Upon the death of his father in 1769, he succeeded as the 2nd Count of Salm-Reifferscheidt-Raitz. In 1790, he was further ennobled when he was elevated to the rank of Reichsfürst. He ruled his Imperial Estate as Prince of Salm-Reifferscheidt-Raitz until his territory was mediatized in 1811.

==Personal life==
On 8 June 1775 in Vienna, Karl Joseph was married to Princess Maria Franziska of Auersperg (1752–1791), a daughter of Karl Josef, 5th Prince of Auersperg and Countess Maria Josepha Trautson von Falkenstein. Her elder brother was Wilhelm, 6th Prince of Auersperg. Together, they were the parents of:

- Franz Joseph, Hereditary Prince of Salm-Reifferscheidt-Raitz (1776–1836), who married Countess Maria Josepha McCaffry von Keanmore, a daughter of Count Robert McCaffry von Keanmore and Countess Maria Anna von Blümegen.

After her death, he married Countess Antonia Maria von Paar (1768–1838), a daughter of Wenzel, 2nd Prince Paar and Princess Maria Antonia of Liechtenstein (a daughter of Johann Nepomuk Karl, Prince of Liechtenstein), in Vienna on 1 May 1792. She was sister to Karl, 3rd Prince Paar.

Prince Karl Joseph died in Vienna on 16 June 1838. As he was predeceased by his only son, he was succeeded by his grandson, Hugo.

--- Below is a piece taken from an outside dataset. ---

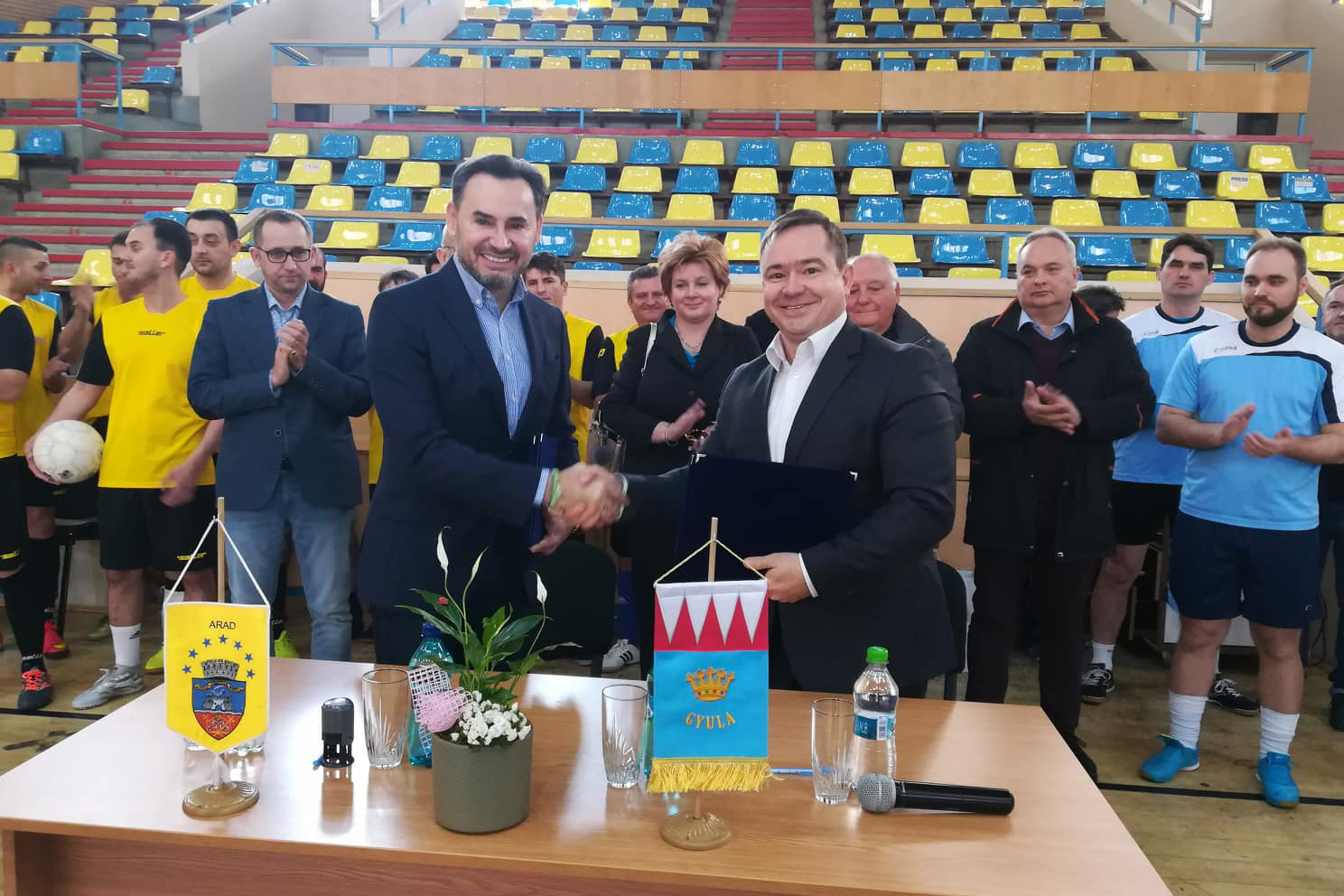 A mérkőzés előtt egy protokolláris eseményt is tartottak, amelyen Gheorghe Falca, Arad város polgármestere és Kónya István, Gyula város alpolgármestere írt alá egy közös megállapodást.

His widow died shortly thereafter on 25 October 1838 and was buried at Graz.

===Descendants===
Through his son Franz Joseph, he was a grandfather of Hugo, 2nd Prince of Salm-Reifferscheidt-Raitz (1803–1888) and Count Robert of Salm-Reifferscheidt-Raitz (1804–1875), who married Countess Felicitas von Clary und Aldringen (a daughter of Carl Joseph, 3rd Prince of Clary-Aldringen).